Dataset section start

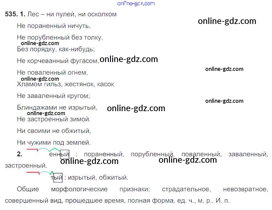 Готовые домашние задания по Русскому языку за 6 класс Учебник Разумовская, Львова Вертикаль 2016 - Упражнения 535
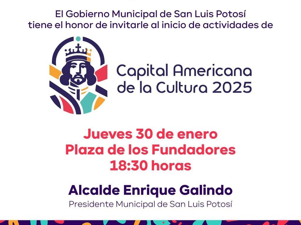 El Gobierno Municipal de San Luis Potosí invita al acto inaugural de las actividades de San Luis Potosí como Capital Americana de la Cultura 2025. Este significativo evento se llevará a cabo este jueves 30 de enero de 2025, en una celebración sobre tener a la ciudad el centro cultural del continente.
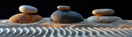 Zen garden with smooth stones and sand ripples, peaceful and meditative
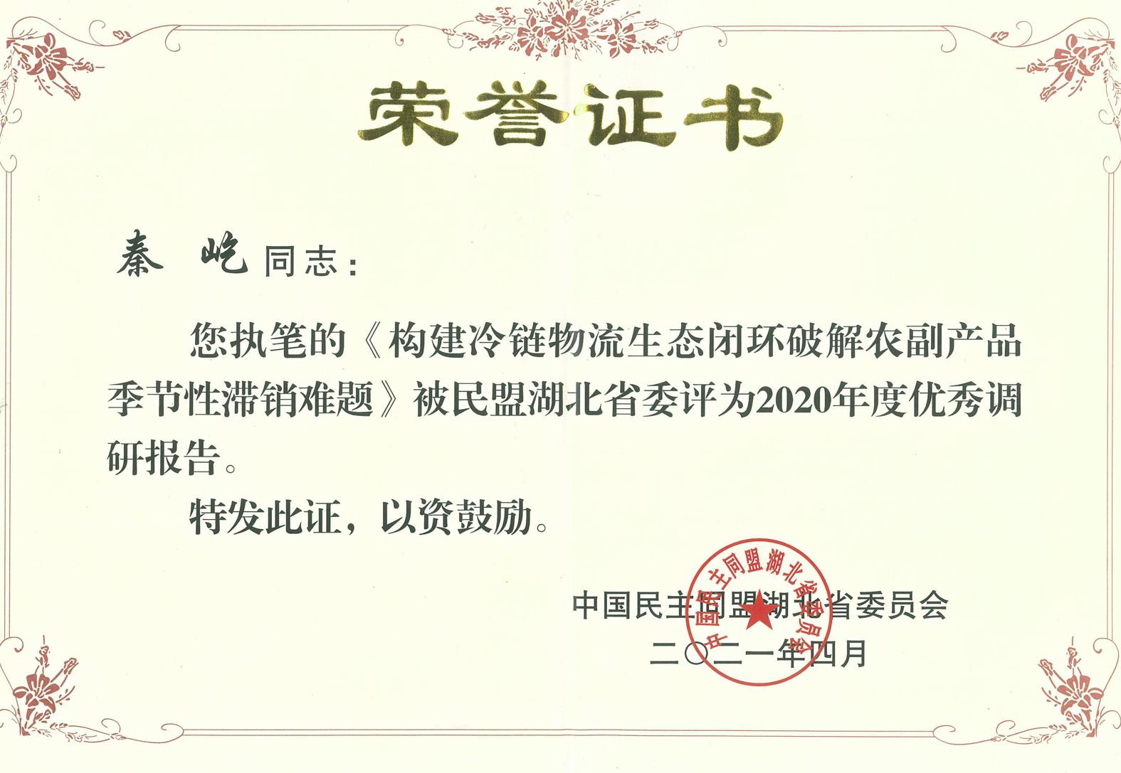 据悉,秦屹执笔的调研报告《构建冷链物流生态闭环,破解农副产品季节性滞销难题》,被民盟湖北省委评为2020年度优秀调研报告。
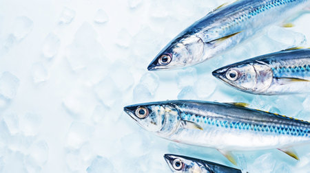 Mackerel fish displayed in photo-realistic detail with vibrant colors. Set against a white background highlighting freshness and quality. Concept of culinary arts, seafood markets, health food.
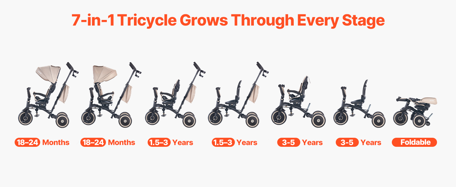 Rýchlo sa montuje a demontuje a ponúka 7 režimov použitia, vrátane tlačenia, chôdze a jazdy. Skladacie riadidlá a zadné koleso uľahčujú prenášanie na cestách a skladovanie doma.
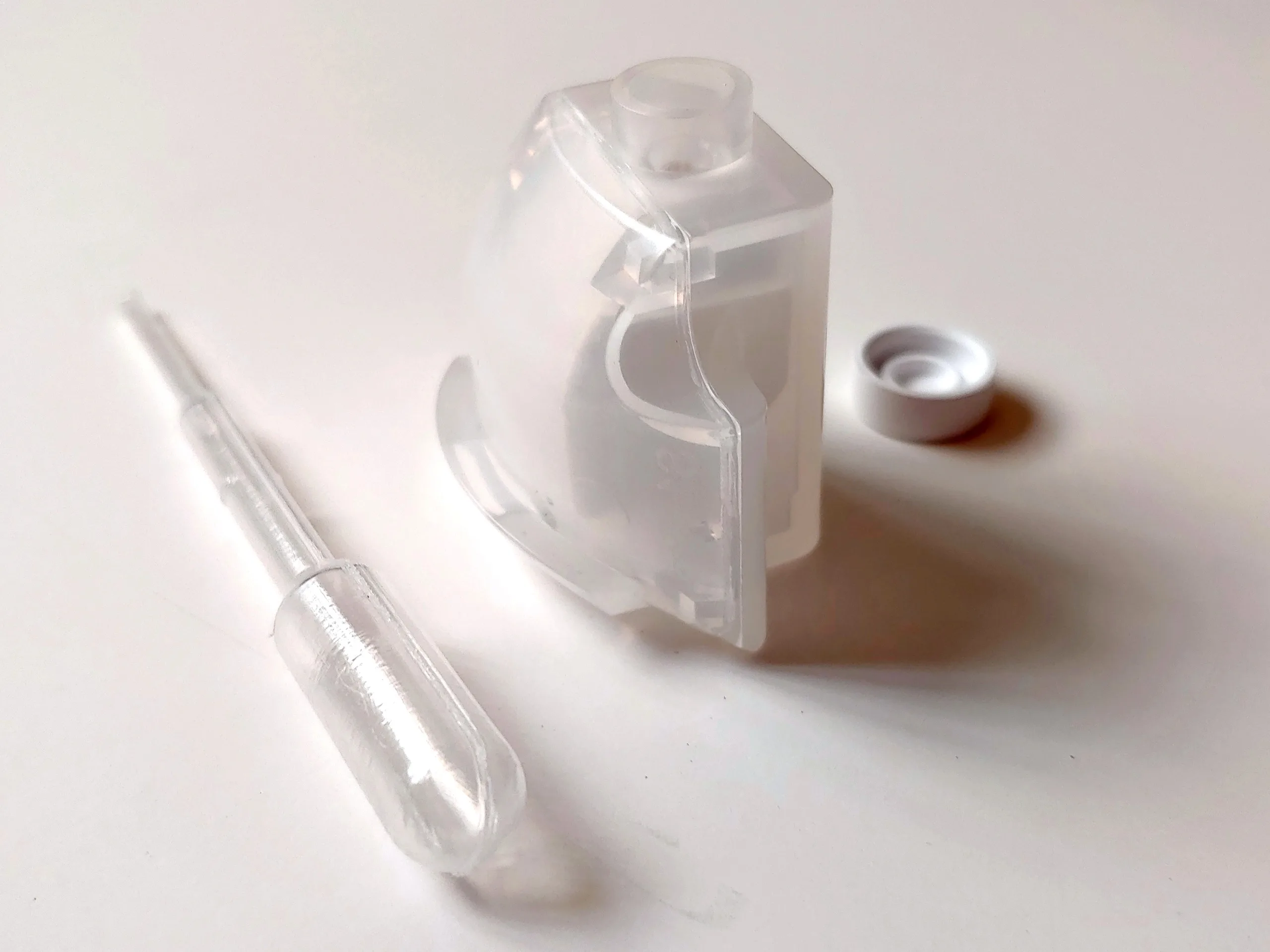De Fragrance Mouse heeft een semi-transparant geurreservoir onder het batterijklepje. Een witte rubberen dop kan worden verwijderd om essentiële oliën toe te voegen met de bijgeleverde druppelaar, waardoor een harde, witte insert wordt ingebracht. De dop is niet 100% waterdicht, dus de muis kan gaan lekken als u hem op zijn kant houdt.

Dataset section end
Dataset section start

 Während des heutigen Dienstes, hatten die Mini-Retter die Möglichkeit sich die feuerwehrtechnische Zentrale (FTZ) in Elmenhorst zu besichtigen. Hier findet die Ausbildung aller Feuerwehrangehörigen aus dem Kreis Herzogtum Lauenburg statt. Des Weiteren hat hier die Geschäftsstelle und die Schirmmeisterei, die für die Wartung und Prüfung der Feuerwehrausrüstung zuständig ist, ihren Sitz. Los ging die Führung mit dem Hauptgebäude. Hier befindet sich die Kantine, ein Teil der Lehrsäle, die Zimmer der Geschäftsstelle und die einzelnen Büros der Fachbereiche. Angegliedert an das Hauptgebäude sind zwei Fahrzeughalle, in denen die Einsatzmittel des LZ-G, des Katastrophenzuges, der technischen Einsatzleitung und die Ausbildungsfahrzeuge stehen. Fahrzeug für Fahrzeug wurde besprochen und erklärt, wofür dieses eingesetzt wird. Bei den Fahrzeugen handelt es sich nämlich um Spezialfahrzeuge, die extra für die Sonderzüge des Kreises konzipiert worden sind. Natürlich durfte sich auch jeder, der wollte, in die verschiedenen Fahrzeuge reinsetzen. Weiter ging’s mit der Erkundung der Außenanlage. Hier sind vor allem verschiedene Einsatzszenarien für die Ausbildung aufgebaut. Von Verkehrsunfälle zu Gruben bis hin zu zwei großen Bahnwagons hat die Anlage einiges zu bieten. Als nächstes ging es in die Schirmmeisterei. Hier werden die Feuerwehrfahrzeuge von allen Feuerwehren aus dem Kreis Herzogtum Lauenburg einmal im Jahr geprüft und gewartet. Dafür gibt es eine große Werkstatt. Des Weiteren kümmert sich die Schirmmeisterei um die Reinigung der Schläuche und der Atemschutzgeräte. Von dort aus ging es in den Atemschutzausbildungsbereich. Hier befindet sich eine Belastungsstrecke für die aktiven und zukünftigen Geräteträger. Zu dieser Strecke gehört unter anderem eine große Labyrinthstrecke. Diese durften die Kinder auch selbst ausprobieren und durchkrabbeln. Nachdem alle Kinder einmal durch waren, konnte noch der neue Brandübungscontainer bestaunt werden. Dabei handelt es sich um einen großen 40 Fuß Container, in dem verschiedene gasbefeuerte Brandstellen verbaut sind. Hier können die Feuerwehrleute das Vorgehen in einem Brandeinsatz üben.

Dataset section end

● **What you will do**
Though the entries above contain pictures, none should be copied; reproduce only the lines between the one holding "Zen garden with" and the one holding "De Fragrance Mouse", inclusive, exactly as written.

● **Answer for the task**
 Zen garden with smooth stones and sand ripples, peaceful and meditative
 据悉,秦屹执笔的调研报告《构建冷链物流生态闭环,破解农副产品季节性滞销难题》,被民盟湖北省委评为2020年度优秀调研报告。
 Mackerel fish displayed in photo-realistic detail with vibrant colors. Set against a white background highlighting freshness and quality. Concept of culinary arts, seafood markets, health food.
 Rýchlo sa montuje a demontuje a ponúka 7 režimov použitia, vrátane tlačenia, chôdze a jazdy. Skladacie riadidlá a zadné koleso uľahčujú prenášanie na cestách a skladovanie doma.
De Fragrance Mouse heeft een semi-transparant geurreservoir onder het batterijklepje. Een witte rubberen dop kan worden verwijderd om essentiële oliën toe te voegen met de bijgeleverde druppelaar, waardoor een harde, witte insert wordt ingebracht. De dop is niet 100% waterdicht, dus de muis kan gaan lekken als u hem op zijn kant houdt.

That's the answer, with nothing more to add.